▶ Your assignment
Once you find the line with "In this circuit, a" in the data below, transcribe exactly each line from there to the line with "Anja Kallenbach, Miss", inclusive, and nothing else. Drop the pictures.

▶ Dataset records
_____
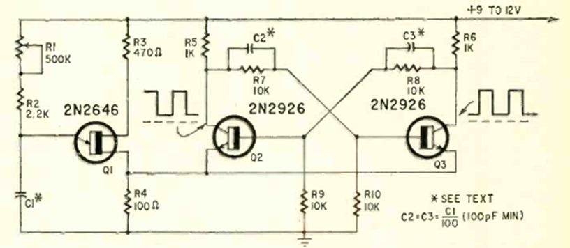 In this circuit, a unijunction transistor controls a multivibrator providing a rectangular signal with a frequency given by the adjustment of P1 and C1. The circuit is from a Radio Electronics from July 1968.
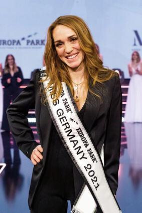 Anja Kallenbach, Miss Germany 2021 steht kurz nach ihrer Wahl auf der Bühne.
_____
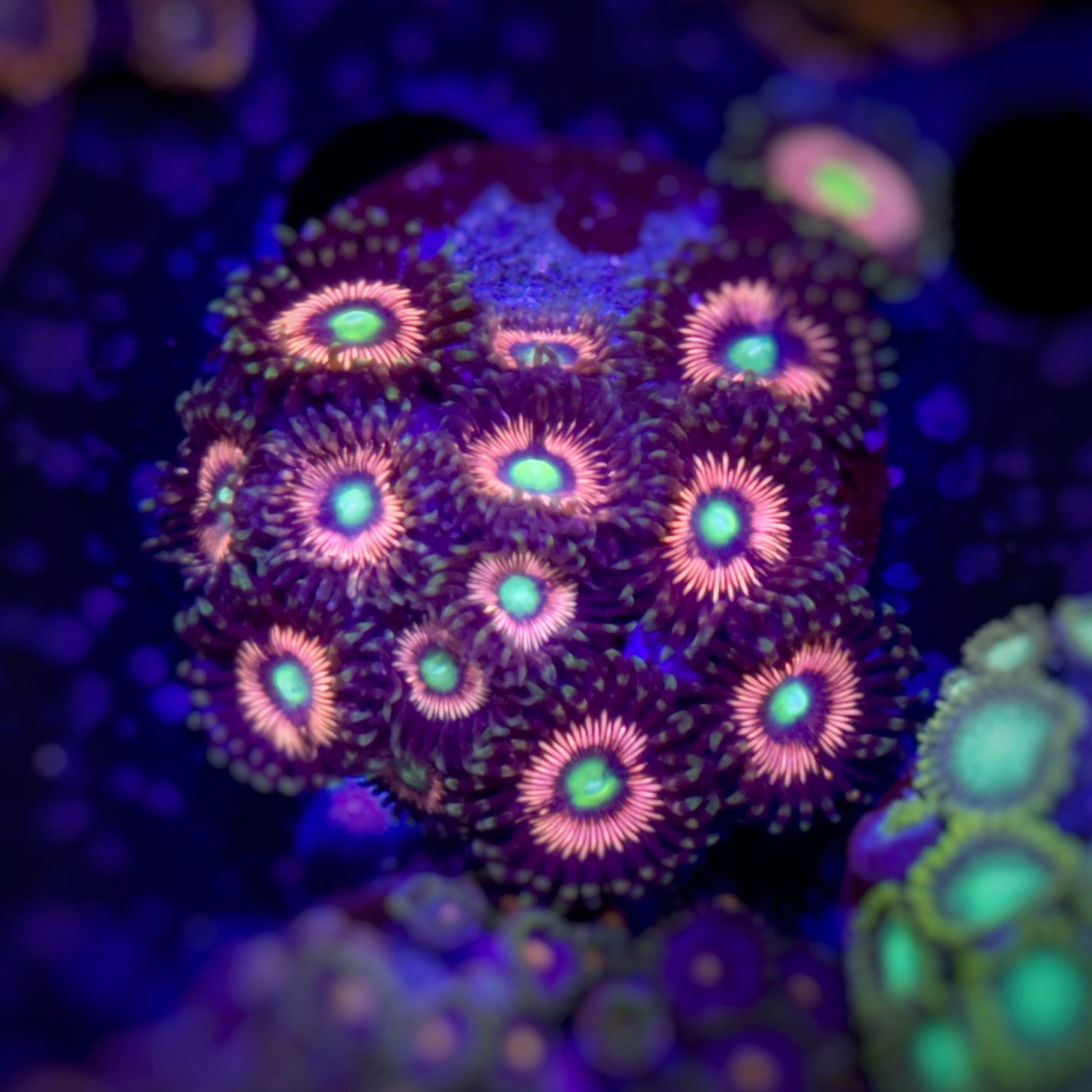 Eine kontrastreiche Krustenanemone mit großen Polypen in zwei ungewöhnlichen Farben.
_____
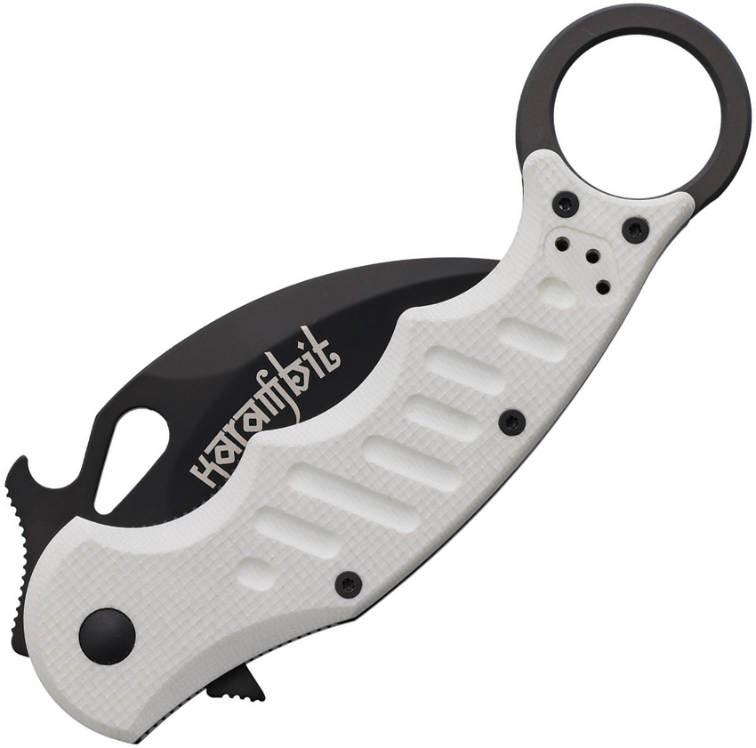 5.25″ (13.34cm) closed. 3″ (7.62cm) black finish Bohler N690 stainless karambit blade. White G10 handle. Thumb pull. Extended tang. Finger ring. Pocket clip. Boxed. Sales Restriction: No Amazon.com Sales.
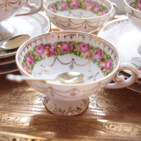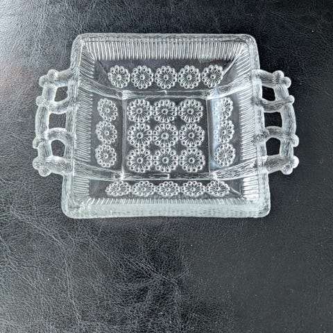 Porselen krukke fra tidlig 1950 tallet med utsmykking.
_____
▶ Output below
 In this circuit, a unijunction transistor controls a multivibrator providing a rectangular signal with a frequency given by the adjustment of P1 and C1. The circuit is from a Radio Electronics from July 1968.
 Anja Kallenbach, Miss Germany 2021 steht kurz nach ihrer Wahl auf der Bühne.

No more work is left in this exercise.